» Given records:
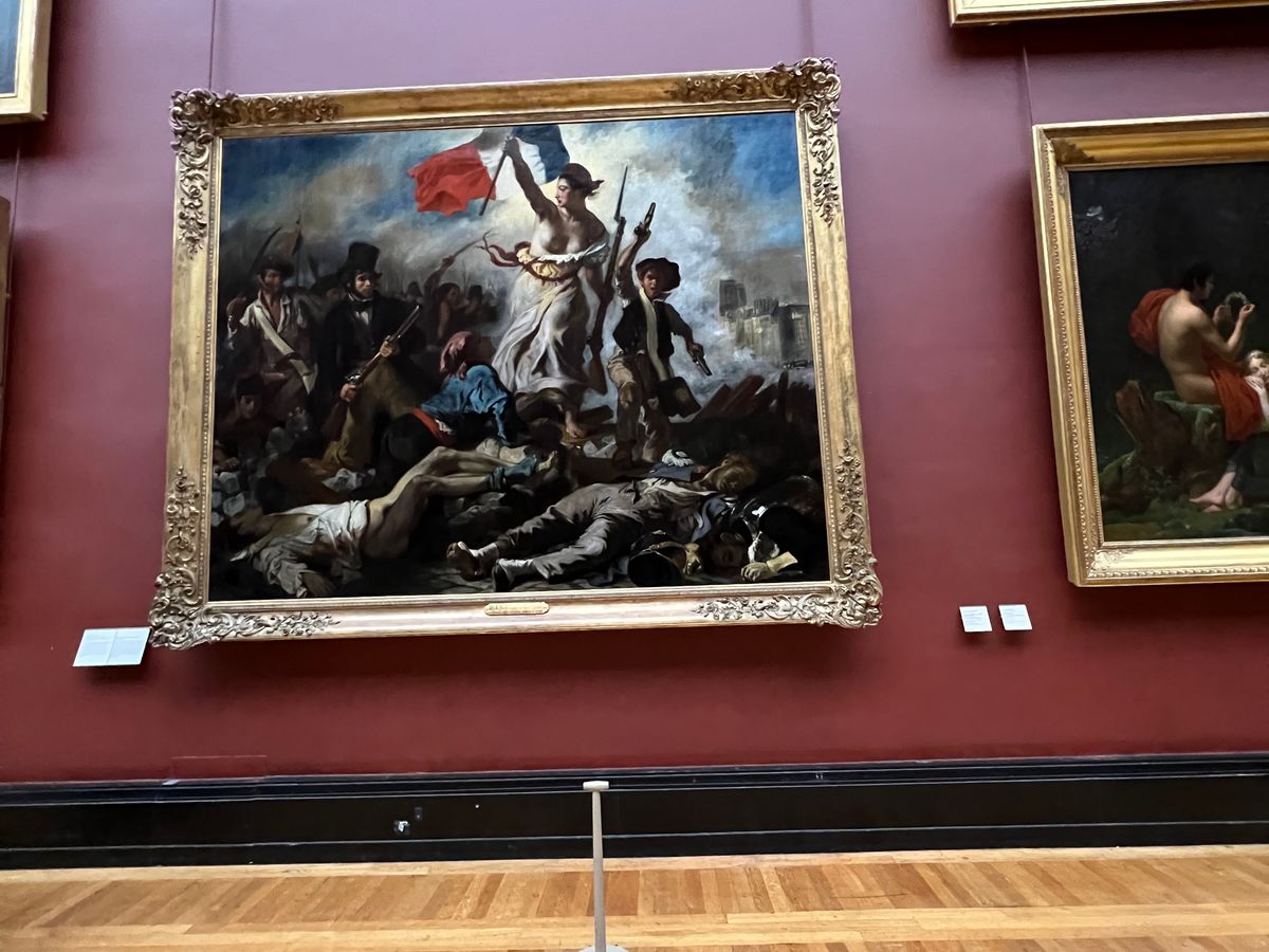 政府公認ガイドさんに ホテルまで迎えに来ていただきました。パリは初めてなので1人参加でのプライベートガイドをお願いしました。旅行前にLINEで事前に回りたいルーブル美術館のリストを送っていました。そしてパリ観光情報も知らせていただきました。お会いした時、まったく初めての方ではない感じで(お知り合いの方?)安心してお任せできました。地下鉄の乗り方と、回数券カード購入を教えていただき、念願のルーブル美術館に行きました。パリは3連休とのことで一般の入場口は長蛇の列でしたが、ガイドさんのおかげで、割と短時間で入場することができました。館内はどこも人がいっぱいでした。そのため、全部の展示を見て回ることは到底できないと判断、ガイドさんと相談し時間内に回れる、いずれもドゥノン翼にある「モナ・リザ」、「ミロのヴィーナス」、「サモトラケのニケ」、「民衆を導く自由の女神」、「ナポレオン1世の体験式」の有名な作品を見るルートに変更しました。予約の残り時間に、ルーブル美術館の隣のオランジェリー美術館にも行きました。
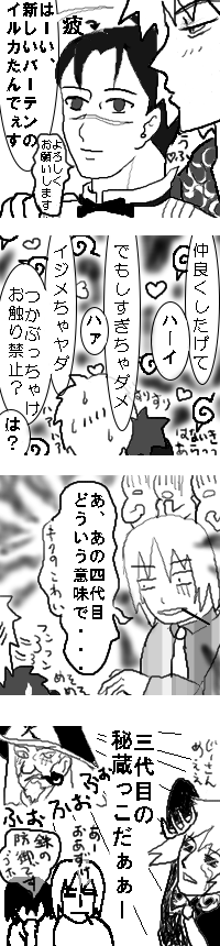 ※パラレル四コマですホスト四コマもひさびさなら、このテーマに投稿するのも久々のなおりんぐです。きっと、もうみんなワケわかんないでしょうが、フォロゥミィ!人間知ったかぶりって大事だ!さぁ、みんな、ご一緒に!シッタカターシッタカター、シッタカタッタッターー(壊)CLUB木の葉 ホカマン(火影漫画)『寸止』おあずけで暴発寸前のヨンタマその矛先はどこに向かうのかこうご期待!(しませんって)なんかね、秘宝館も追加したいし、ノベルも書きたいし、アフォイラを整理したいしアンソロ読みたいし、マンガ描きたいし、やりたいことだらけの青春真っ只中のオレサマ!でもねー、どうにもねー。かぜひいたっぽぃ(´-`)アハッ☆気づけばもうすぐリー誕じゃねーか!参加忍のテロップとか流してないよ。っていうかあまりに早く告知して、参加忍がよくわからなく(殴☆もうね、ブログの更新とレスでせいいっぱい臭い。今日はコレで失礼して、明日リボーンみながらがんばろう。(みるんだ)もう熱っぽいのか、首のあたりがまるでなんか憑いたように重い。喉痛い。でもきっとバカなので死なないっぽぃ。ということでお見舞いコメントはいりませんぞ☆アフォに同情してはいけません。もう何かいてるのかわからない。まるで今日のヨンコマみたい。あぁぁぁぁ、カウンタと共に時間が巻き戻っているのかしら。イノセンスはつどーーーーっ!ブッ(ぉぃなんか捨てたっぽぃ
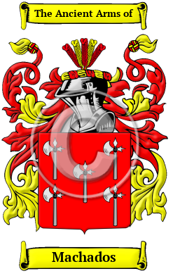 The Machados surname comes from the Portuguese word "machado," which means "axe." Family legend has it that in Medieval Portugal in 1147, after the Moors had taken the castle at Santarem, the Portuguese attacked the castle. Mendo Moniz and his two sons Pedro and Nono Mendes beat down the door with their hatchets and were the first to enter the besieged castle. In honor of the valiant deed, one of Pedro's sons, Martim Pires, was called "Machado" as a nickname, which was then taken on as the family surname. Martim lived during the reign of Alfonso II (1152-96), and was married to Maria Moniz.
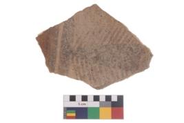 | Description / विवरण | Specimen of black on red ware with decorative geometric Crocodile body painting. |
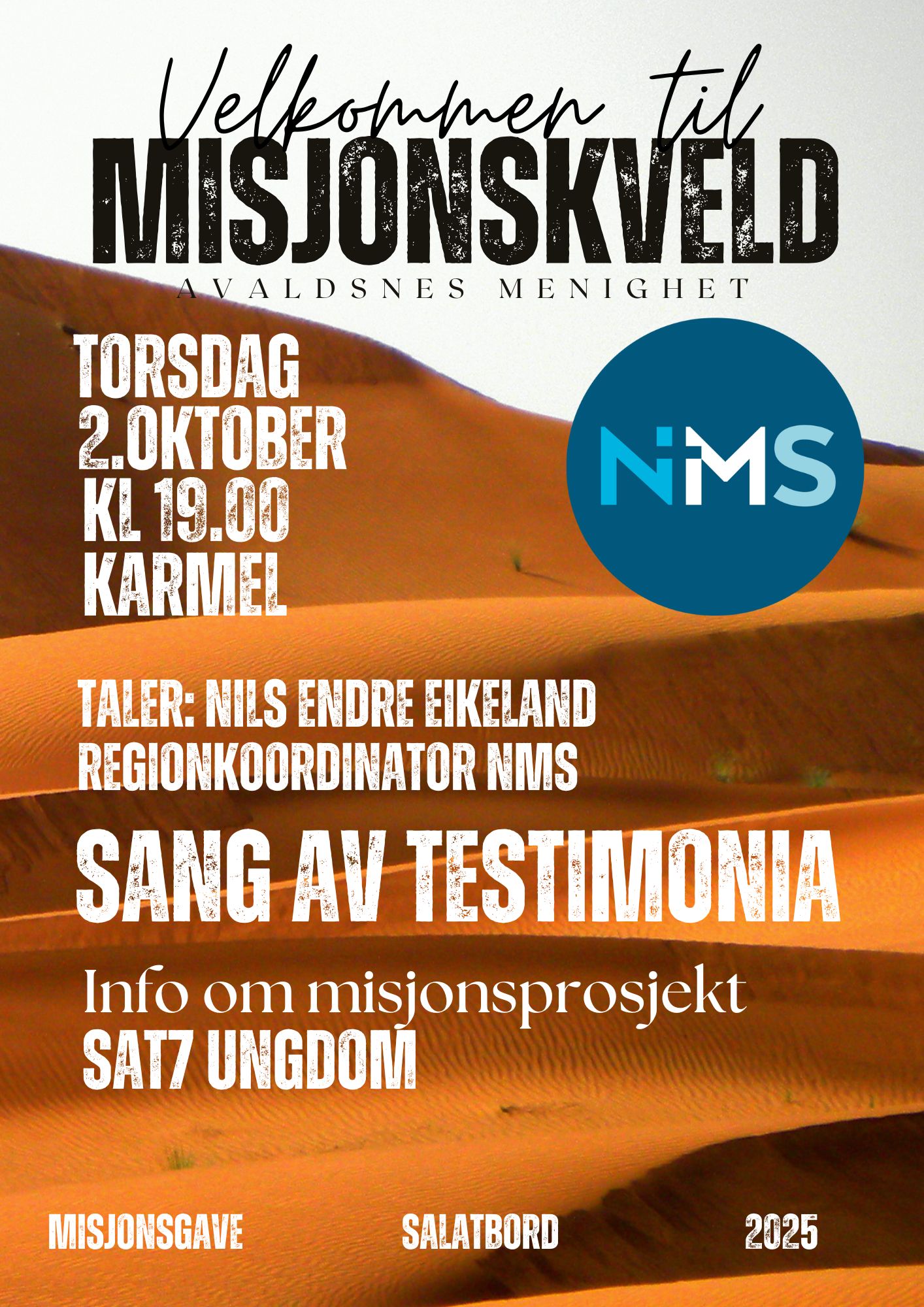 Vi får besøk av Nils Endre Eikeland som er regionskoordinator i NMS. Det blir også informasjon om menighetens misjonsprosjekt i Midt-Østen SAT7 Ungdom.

» Task prompt: Produce a verbatim copy of the listing, leaving out all pictures.

» Response box:
 政府公認ガイドさんに ホテルまで迎えに来ていただきました。パリは初めてなので1人参加でのプライベートガイドをお願いしました。旅行前にLINEで事前に回りたいルーブル美術館のリストを送っていました。そしてパリ観光情報も知らせていただきました。お会いした時、まったく初めての方ではない感じで(お知り合いの方?)安心してお任せできました。地下鉄の乗り方と、回数券カード購入を教えていただき、念願のルーブル美術館に行きました。パリは3連休とのことで一般の入場口は長蛇の列でしたが、ガイドさんのおかげで、割と短時間で入場することができました。館内はどこも人がいっぱいでした。そのため、全部の展示を見て回ることは到底できないと判断、ガイドさんと相談し時間内に回れる、いずれもドゥノン翼にある「モナ・リザ」、「ミロのヴィーナス」、「サモトラケのニケ」、「民衆を導く自由の女神」、「ナポレオン1世の体験式」の有名な作品を見るルートに変更しました。予約の残り時間に、ルーブル美術館の隣のオランジェリー美術館にも行きました。
 ※パラレル四コマですホスト四コマもひさびさなら、このテーマに投稿するのも久々のなおりんぐです。きっと、もうみんなワケわかんないでしょうが、フォロゥミィ!人間知ったかぶりって大事だ!さぁ、みんな、ご一緒に!シッタカターシッタカター、シッタカタッタッターー(壊)CLUB木の葉 ホカマン(火影漫画)『寸止』おあずけで暴発寸前のヨンタマその矛先はどこに向かうのかこうご期待!(しませんって)なんかね、秘宝館も追加したいし、ノベルも書きたいし、アフォイラを整理したいしアンソロ読みたいし、マンガ描きたいし、やりたいことだらけの青春真っ只中のオレサマ!でもねー、どうにもねー。かぜひいたっぽぃ(´-`)アハッ☆気づけばもうすぐリー誕じゃねーか!参加忍のテロップとか流してないよ。っていうかあまりに早く告知して、参加忍がよくわからなく(殴☆もうね、ブログの更新とレスでせいいっぱい臭い。今日はコレで失礼して、明日リボーンみながらがんばろう。(みるんだ)もう熱っぽいのか、首のあたりがまるでなんか憑いたように重い。喉痛い。でもきっとバカなので死なないっぽぃ。ということでお見舞いコメントはいりませんぞ☆アフォに同情してはいけません。もう何かいてるのかわからない。まるで今日のヨンコマみたい。あぁぁぁぁ、カウンタと共に時間が巻き戻っているのかしら。イノセンスはつどーーーーっ!ブッ(ぉぃなんか捨てたっぽぃ
 The Machados surname comes from the Portuguese word "machado," which means "axe." Family legend has it that in Medieval Portugal in 1147, after the Moors had taken the castle at Santarem, the Portuguese attacked the castle. Mendo Moniz and his two sons Pedro and Nono Mendes beat down the door with their hatchets and were the first to enter the besieged castle. In honor of the valiant deed, one of Pedro's sons, Martim Pires, was called "Machado" as a nickname, which was then taken on as the family surname. Martim lived during the reign of Alfonso II (1152-96), and was married to Maria Moniz.
 | Description / विवरण | Specimen of black on red ware with decorative geometric Crocodile body painting. |
 Vi får besøk av Nils Endre Eikeland som er regionskoordinator i NMS. Det blir også informasjon om menighetens misjonsprosjekt i Midt-Østen SAT7 Ungdom.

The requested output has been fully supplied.